The stimuli were a 0.75 deg disk (T), surrounded by two rings (M1 and M2), of thickness 0.5 deg and separation of 0.05 deg centered 1.5 deg above and 1 deg to the right of fixation. A match stimulus of the same dimensions as T or M1 was positioned symmetrically to the left of fixation. The duration of each stimulus was 10 ms. The observers’ (N=3) task was to indicate which of the two, the match or the stimulus of interest (T or M1, in separate sessions), appeared brighter. The luminance of the match varied according to a staircase procedure and converged to the Point of Subjective Equality (PSE). The T-M1 SOA was set to 60 ms, a value optimal for producing suppression of T’s contrast visibility. T-M2 SOA varied from -180 ms to 210 ms, corresponding to M1-M2 SOAs ranging from -240 to 150 ms.
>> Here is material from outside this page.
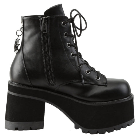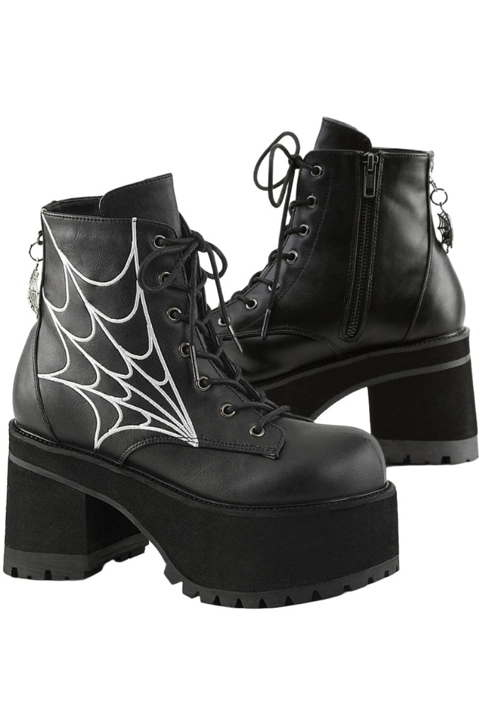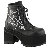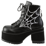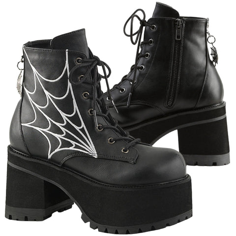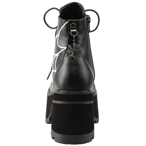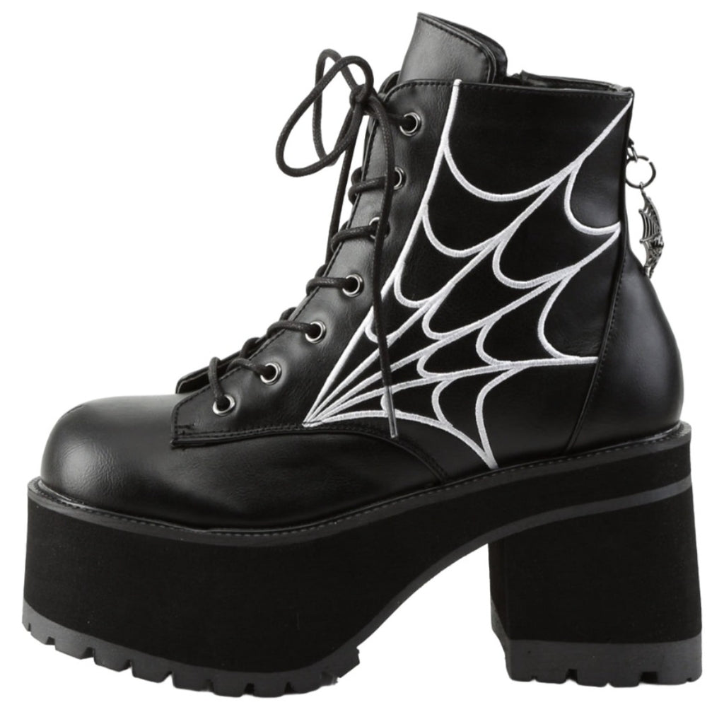 Black leather effect ankle boot with four inch block heel and two and a half inch platform sole. White cobweb design on side of boot, and Spiderweb Charm at back. Front lacing.

The PSEs for T and M1 were also measured in the absence of M2. The contrast values of T and M1 were both fixed at 60%. M2′s contrast varied to produce M2/M1 contrast ratios from 0.125 to 1.5. All three observers (43-yr old male, 57-yr old male, 47-yr old female) had normal or corrected-to-normal vision and were highly practiced in making psychophysical brightness judgments.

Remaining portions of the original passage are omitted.